Problem details: Your copy of the data should match it exactly, except that the pictures are gone.

Given data:
|---|

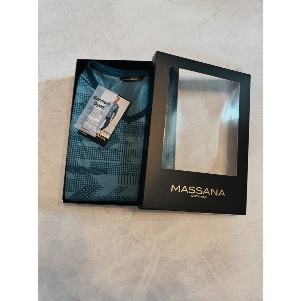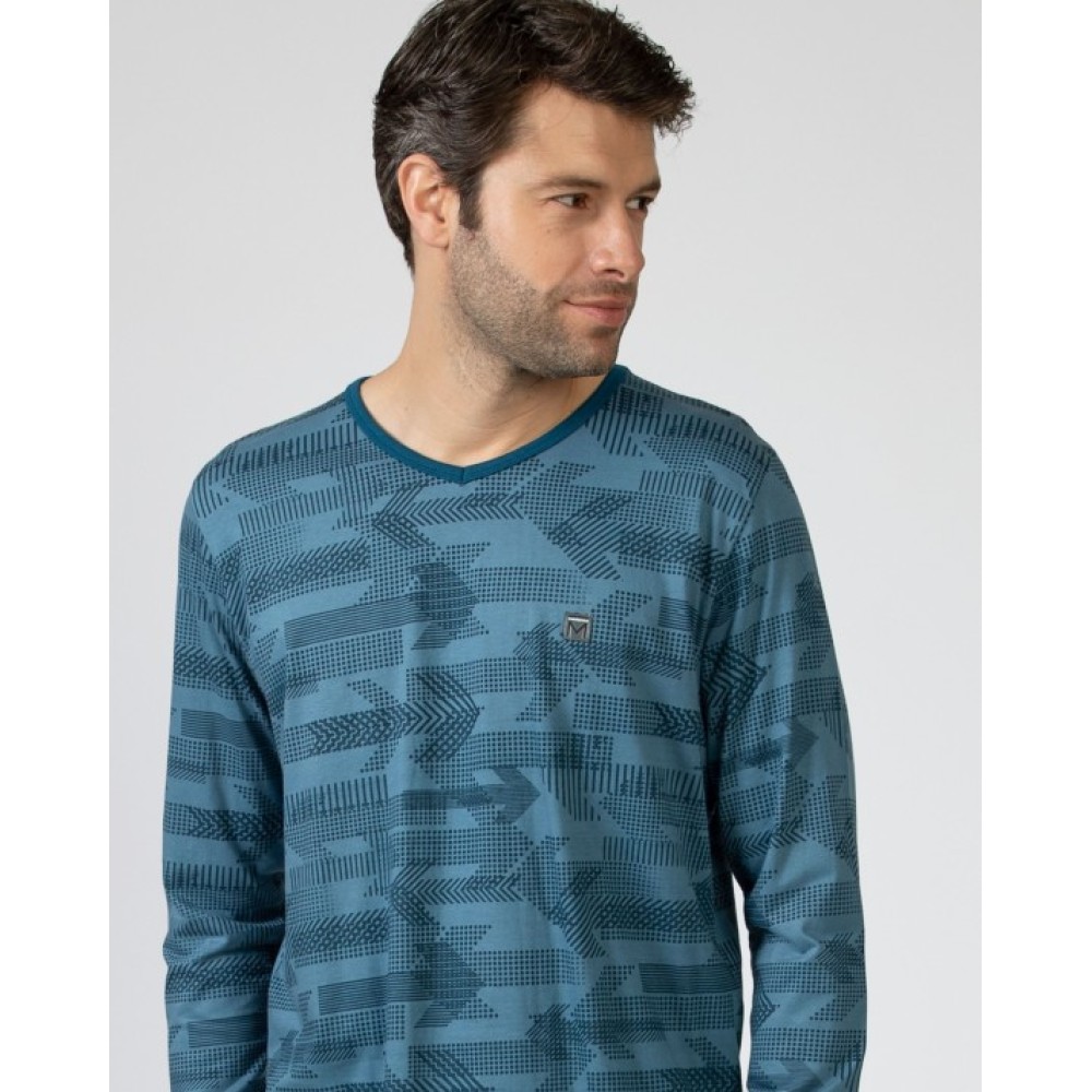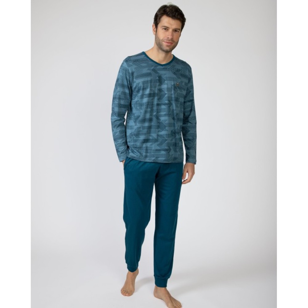 Чоловіча піжамазі штанами Massana P751303 виготовлена ​​з високоякісного 100% бавовняноготрикотажу. Комплект складається з джемпера з довгими рукавами, принтом по всійповерхні та V-подібним вирізом. Штани однотонні на гумці в поясі, низ зманжетами, з боків розташовані кишені.Склад: 100%бавовна.
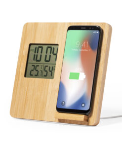 Linie „Natur“ Wetterstation mit integriertem kabellosen 10W-Ladegerät. Hergestellt aus poliertem Bambus, mit Thermometer- und Hygrometerfunktionen. Inklusive 1 m Micro-USB-Ladekabel und kompatibel mit Geräten, die mit kabelloser Ladetechnik ausgestattet sind. Die Uhr ist batteriebetrieben (Knopfzelle im Lieferumfang enthalten) und wird in einer attraktiven Ökodesign-Box geliefert. Gebrauchsanweisung in Englisch und Spanisch erhältlich.
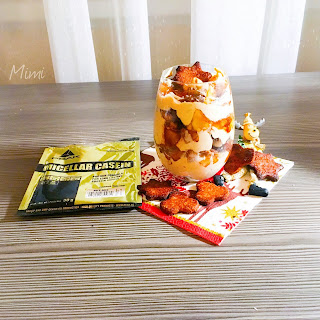 ● pár szem egészséges mézeskalács, vagy más keksz, vagy zabpehely + édesítő + mézeskalács fűszer● 1 adag mogyorós fehérjepor (Micellar Casein)

|---|

Answer to this task:
 Чоловіча піжамазі штанами Massana P751303 виготовлена ​​з високоякісного 100% бавовняноготрикотажу. Комплект складається з джемпера з довгими рукавами, принтом по всійповерхні та V-подібним вирізом. Штани однотонні на гумці в поясі, низ зманжетами, з боків розташовані кишені.Склад: 100%бавовна.
 Linie „Natur“ Wetterstation mit integriertem kabellosen 10W-Ladegerät. Hergestellt aus poliertem Bambus, mit Thermometer- und Hygrometerfunktionen. Inklusive 1 m Micro-USB-Ladekabel und kompatibel mit Geräten, die mit kabelloser Ladetechnik ausgestattet sind. Die Uhr ist batteriebetrieben (Knopfzelle im Lieferumfang enthalten) und wird in einer attraktiven Ökodesign-Box geliefert. Gebrauchsanweisung in Englisch und Spanisch erhältlich.
 ● pár szem egészséges mézeskalács, vagy más keksz, vagy zabpehely + édesítő + mézeskalács fűszer● 1 adag mogyorós fehérjepor (Micellar Casein)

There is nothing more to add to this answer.